Deputy Minister Chathuranga Abeysinghe said the Ministry’s 2025 priority was to restore confidence in a distressed industrial and entrepreneurial sector, citing improved indicators including export growth, manufacturing growth, higher industrial production, lower NPLs, and increased registrations of industries, entrepreneurs, and exporters. He outlined Ministry actions such as allocating state land for industry, developing industrial parks, supporting MSME debt restructuring and concessional credit, strengthening productivity and district-level support systems, and reviving or restructuring state industrial enterprises. He said new institutional arrangements, export development measures, SME frameworks, training programmes, and digital decentralization were intended to support industrialization and entrepreneurship under the 2026 Estimates.

Verbatim record (translated)

Machine-translated from Sinhala / Tamil / English

¶ 01 Hon. Chairman, it is exactly one year since I took oaths as Deputy Minister. I consider it a privilege to speak on the 2026 Estimates for the Ministry of Industry and Entrepreneurship Development.

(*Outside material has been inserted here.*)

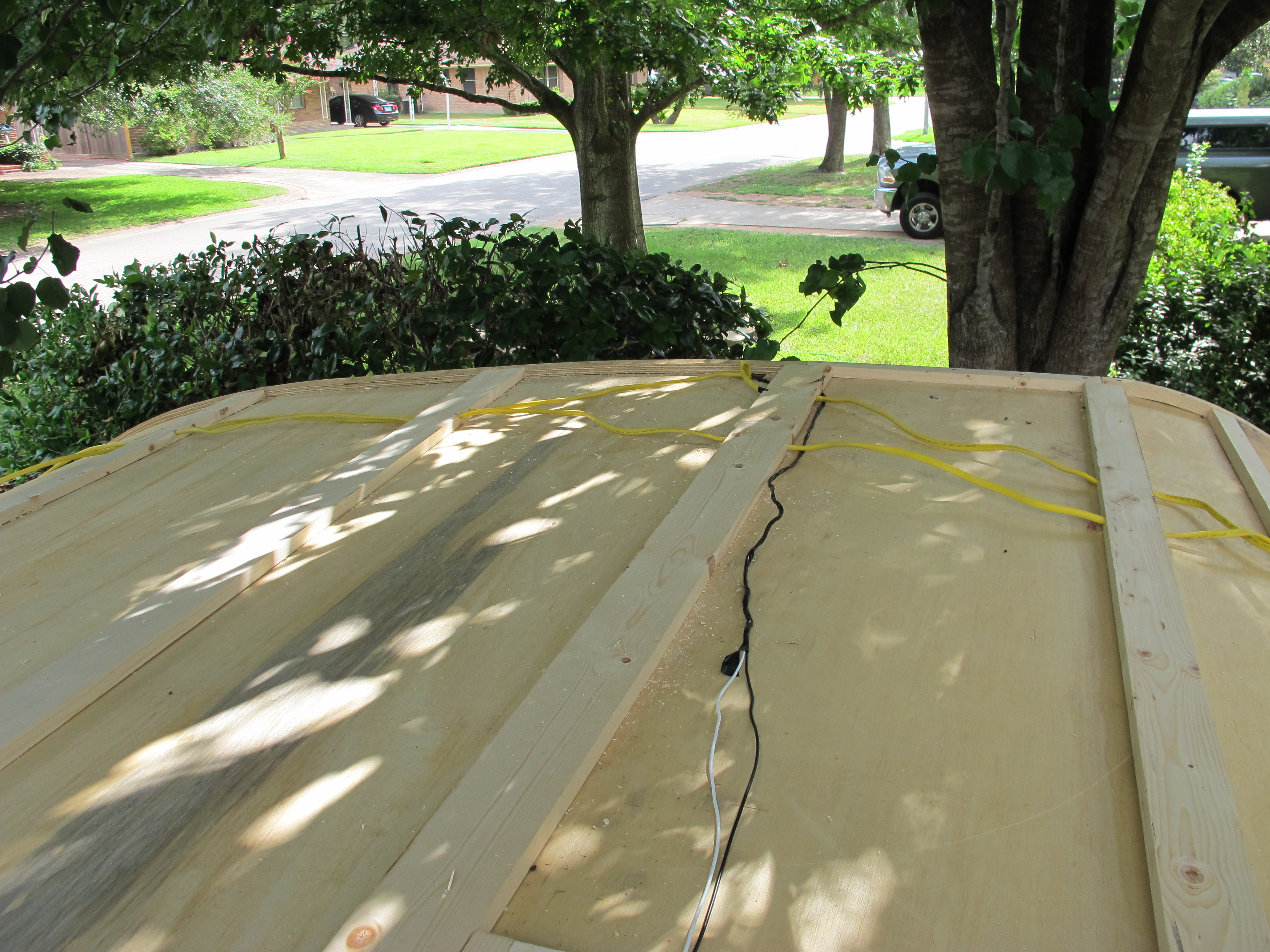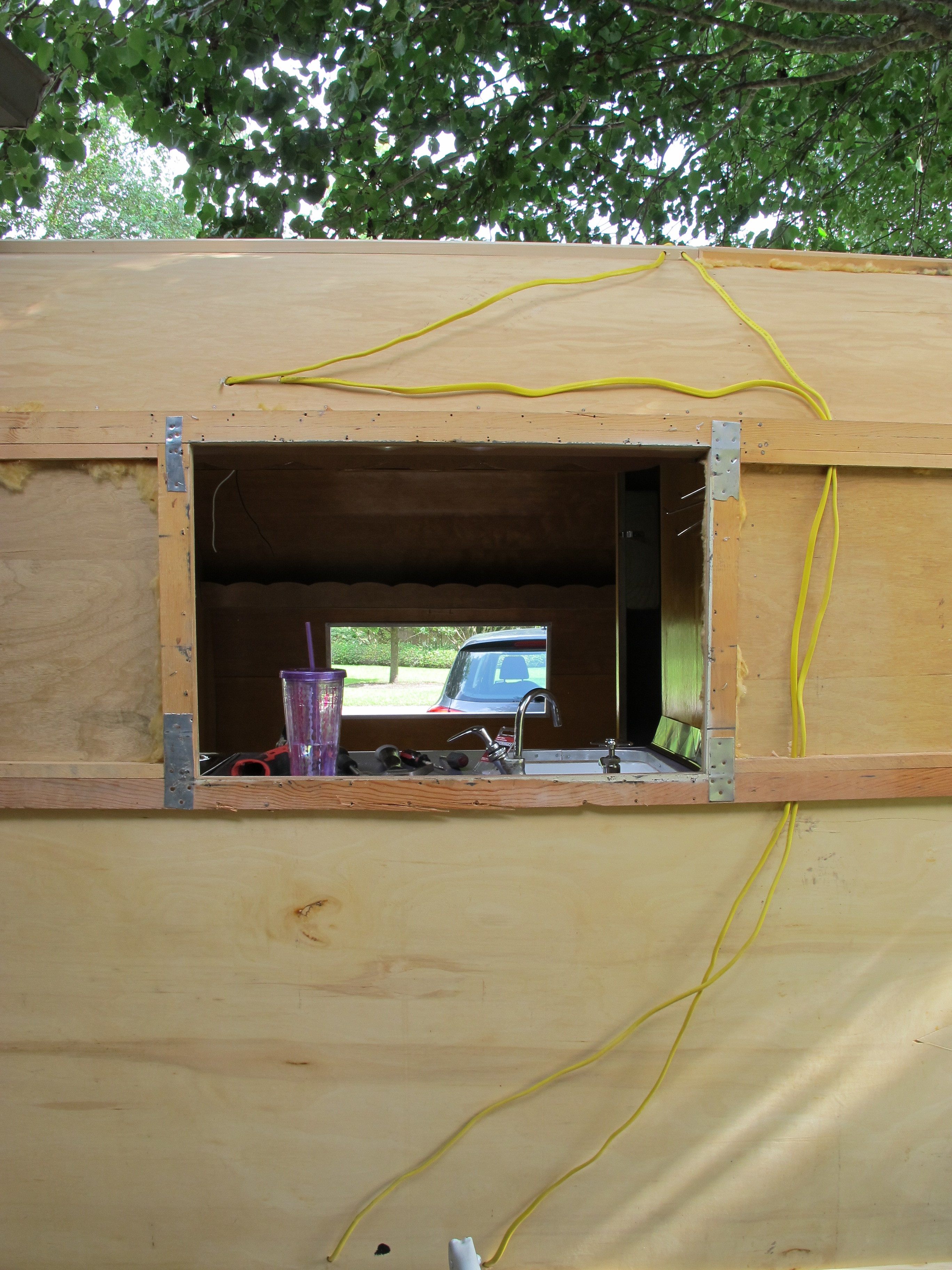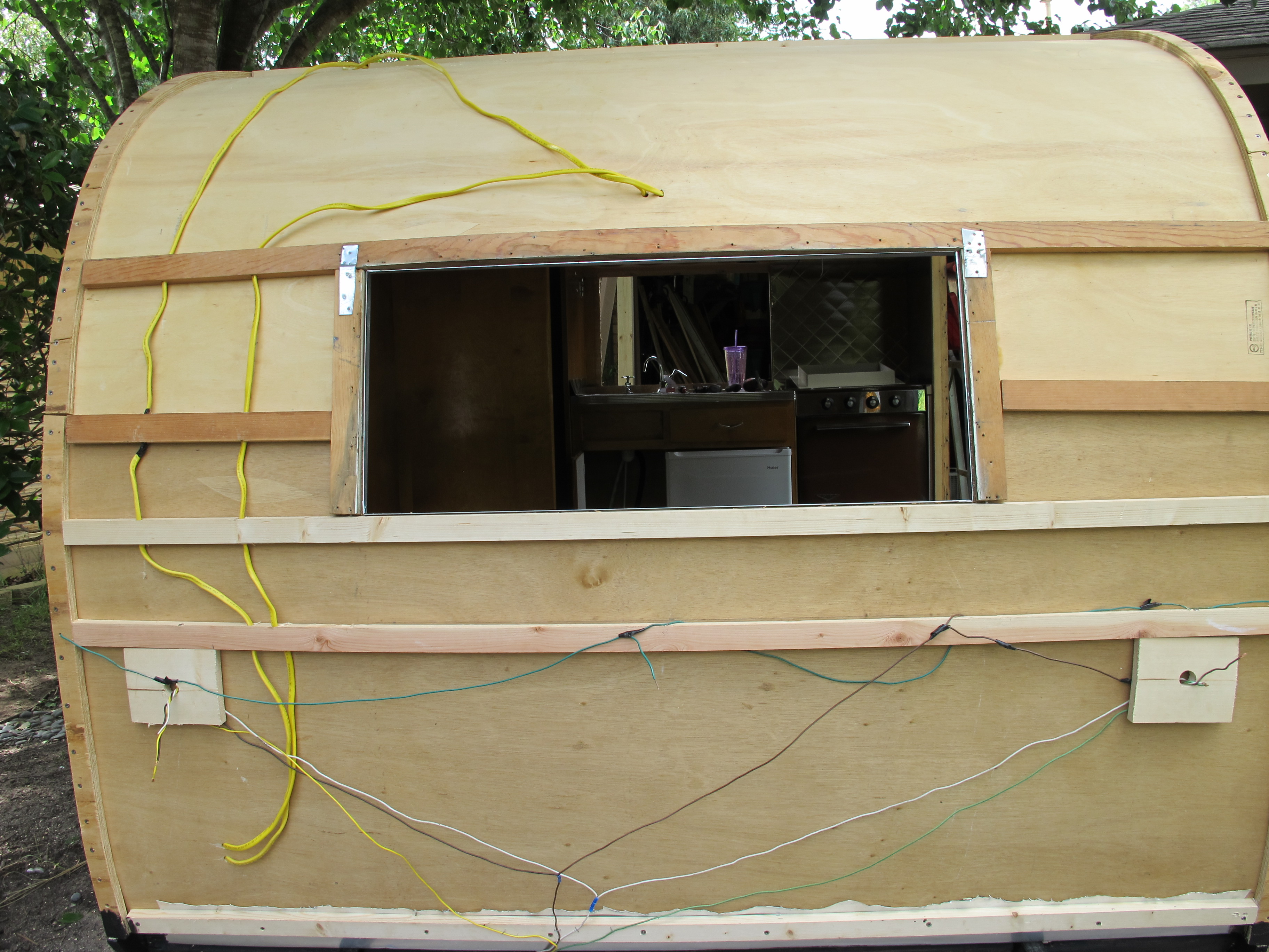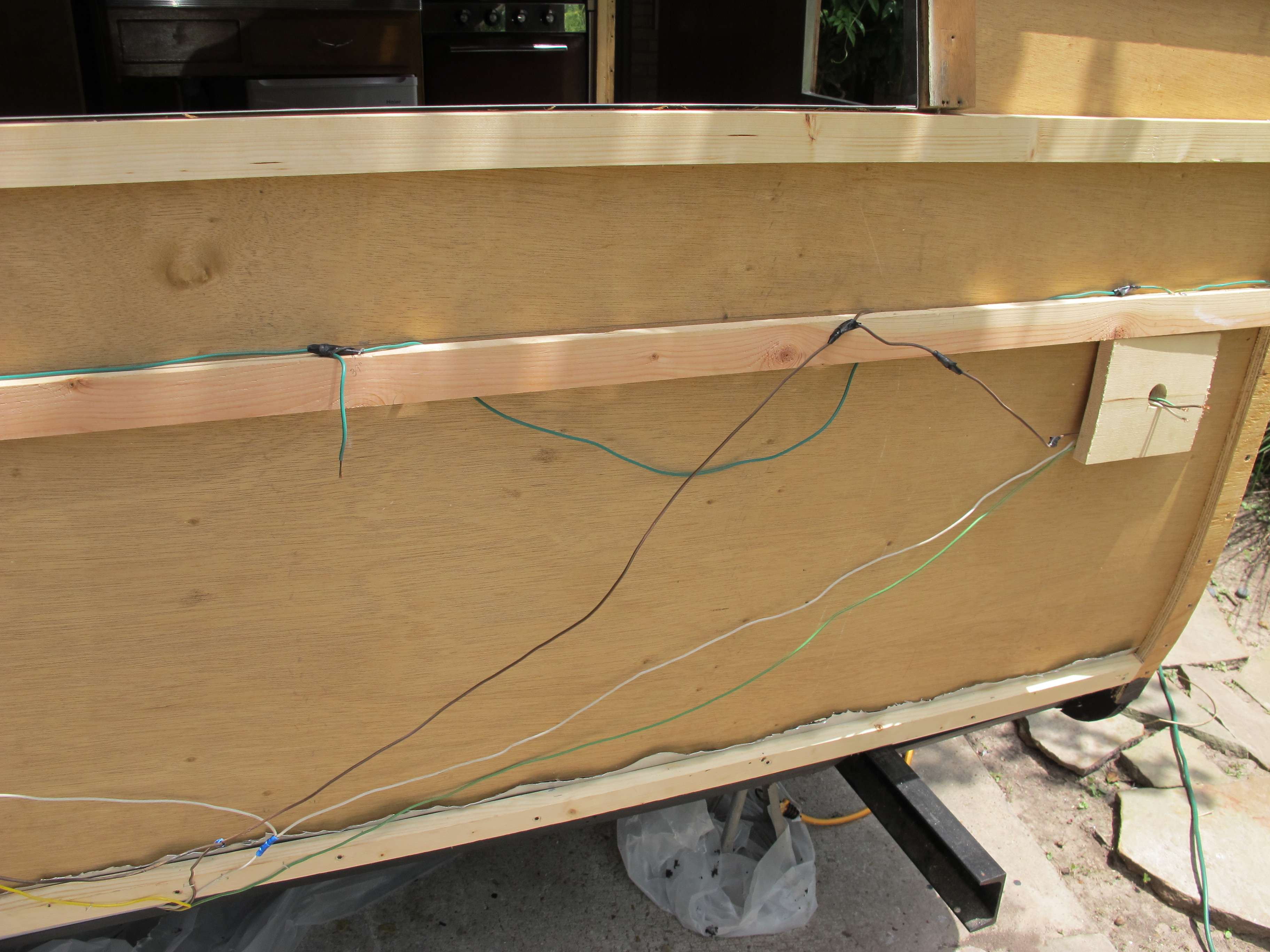 Next, I started in on the wiring.  For a short period.  Until I realized that I had better fix the frame that I didn’t measure correctly.  In my last post, I mentioned that I thought the Fantastic Vent stuck up too high.  Well, once I actually read the directions, I realized that the interior piece is supposed to be trimmed to size, so it’s not supposed to stick up that high.  And it’s narrower, so I had to take apart my frame for the vent and start over.  Now, it should work!

¶ 02 When this debate began, no scientifically grounded arguments were presented by the Opposition against industrialization or entrepreneurship. I will set that aside and present facts.

¶ 03 Under the leadership of Hon. Sunil Handunnetti, with our Secretary and staff, chairpersons, personal staff, and officials of various ministries, we have worked to revive a broken industrial sector. The economy was bankrupt when handed to us. Entrepreneurs were in shock. About 16,000 were unable to service loans; properties were heading to bank auctions. Our 2025 work plan’s key aim was to restore confidence.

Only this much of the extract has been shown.